Suppose I have a simple words_to_numbers.grm that, given a spelled-out number string, will return multiple possible interpretations for it:
Input String: six twenty two
Output String: 622 <cost: 0.2>
Output String: 6 22 <cost: 0.4>
Output String: 620 2 <cost: 0.4>
What I would like is to be able to map the output tokens to the input tokens. An example would be something like this:
Output String: 622<"six twenty two"> <cost: 0.2>
Output String: 6<"six"> 22<"twenty two"> <cost: 0.4>
Output String: 620<"six twenty"> 2<"two"> <cost: 0.4>
(or just provide the character positions of each new token, or anything else that could possibly help you do the mapping at a later stage)
You can't do this post-rewrite; it's impossible to know whether "(six) (twenty two)" transduced to "6 22", or "(six twenty) two".
I don't believe this is possible to do with thraxrewrite-tester
, or just trying to add the markup in grammar rules.
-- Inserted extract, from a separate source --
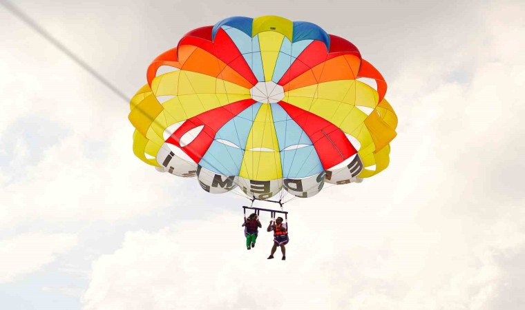 Mersin’de tekneden paraşütle uçan Musa Uysal, kız arkadaşına havada evlilik teklifi etti.

I've also looked at both thrax and open-fst code and tried to see what it takes to carry over the input states forward through rewrites but haven't had any success yet.
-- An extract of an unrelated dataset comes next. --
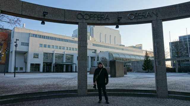 Desde el Café Regatta nos dirigimos hacia la ópera Nacional de Finlandia, que está a un kilómetro aproximadamente, situada frente al lago Töölönlahti, el edificio no es especialmente bonito,  pero las vistas del lago helado valen la pena, es curioso como los colegios llevan a los escolares más pequeños a pasear por el parque con el frío que hace, todos ataviados con chalecos reflectantes para que no se les extravíen.

The grammars I'm working on are much more complicated than this example (400k nodes and millions of arcs for a very sophisticated NLU module) and being able to provide some sort of mapping between input and output is essential to be able to integrate thrax into the rest of the application.
Thank you very much for this incredibly useful tool, and any help or hints are greatly appreciated!